Síndrome de Estocolmo
Defensora do que define como "nova política" e com a promessa de "governar com os melhores", Marina insiste nas críticas a Aécio e Dilma por alianças feitas por seus partidos com figuras controversas e nomes envolvidos em escândalos frequentes no noticiário, a exemplo dos senadores José Sarney (PMDB-AP), Renan Calheiros (PMDB-AL) e Fernando Collor (PTB-AL), além do deputado federal Paulo Maluf (PP-SP).

A mesma roupa
Na propaganda na TV e em discursos, Aécio se refere a Marina como uma versão renovada do PT de Dilma, sintetizada na frase "Marina é a Dilma com outra roupa". Em vídeo da equipe tucana, o locutor narra que as duas candidatas eram ministras do governo Lula durante o escândalo do mensalão e nada fizeram, enquanto o mineiro estava na oposição. Também lembra que antes do período eleitoral, o PSB de Marina era aliado ao PT.

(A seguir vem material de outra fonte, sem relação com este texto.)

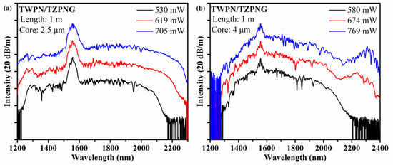 The step−index fluorotellurite fibers were pumped by a 1560 nm fs fiber laser (Carmel Model CLF−10CFF, Carmel, CA, USA) with a pulse width of 88 fs, a repetition rate of 80 MHz, and maximum average power of 2.26 W. A mounted aspheric lens (Thorlabs, Newton, NJ, USA, C430TM−C) was used to couple the pump laser into the fluorotellurite fibers. The SC spectrums were detected by the spectrometers (Yokogawa, Tokyo, Japan) from 1200 nm to 2400 nm. TWPN/TZPNG fibers with core diameters of 2.5 μm and 4 μm and lengths of 1 m were used as nonlinear mediums to generate SC, and the spectrums are shown in Figure 4. Figure 4a shows that the broadening of the SC is symmetrical with the increase in the pump power, which indicates that the broadening mechanism of the SC is mainly dominated by SPM. When the power of the SC is 705 mW, the SC spectrum spans from 1200 nm to 2300 nm, and its flatness in the spectral range of 1200–2250 nm is 20 dB. Figure 4b shows that SC was generated in a TWPN/TZPNG fiber with a core diameter of 4 μm. The results show that the SC broadens asymmetrically with the increase in pump power, the blue−shifted components do not broaden, and the red−shifted components broaden with pump power increasing. The peak of red−shifted components shifts to longer wavelengths as power increases, which is attributed to Raman solitons. These results show that the TWPN/TZPNG fiber with a diameter of 4 μm has an anomalous dispersion region from 1500 nm to 2400 nm. The SC spectrums in the above two fibers clearly indicate the effect of core size on the dispersions of the fibers. Comparing the generation process of the SC in the above two fibers, it can be seen that when the core diameter of the fiber decreases from 4 μm to 2.5 μm, the SC spectrum changes from symmetrical broadening to asymmetrical broadening, which indicates that the TWPN/TZPNG fiber with a diameter of 2.5 μm is ANDi in the region from 1500 nm to 2300 nm. The SC results agree with the above−calculated dispersion results.

Equipes de ouvido ligado no que diz cada candidato

Investigar o passado dos adversários, ler e reler discursos e entrevistas antigos e atuais em busca de todo o tipo de contradições, além de analisar e dissecar índices de segurança, saúde, gastos públicos, crescimento e inflação. Para garantir a troca de farpas na corrida presidencial, as equipes usam estratégia e muita transpiração.

Os comitês de Dilma Rousseff, Marina Silva e Aécio Neves dispõem de grupos responsáveis pelo pugilismo no discurso. São profissionais divididos em diferentes tarefas, como monitorar a cobertura na imprensa, registrar discursos dos rivais, analisar dados. Esse calhamaço de informações trabalhado na propaganda ajuda a embasar entrevistas e debates.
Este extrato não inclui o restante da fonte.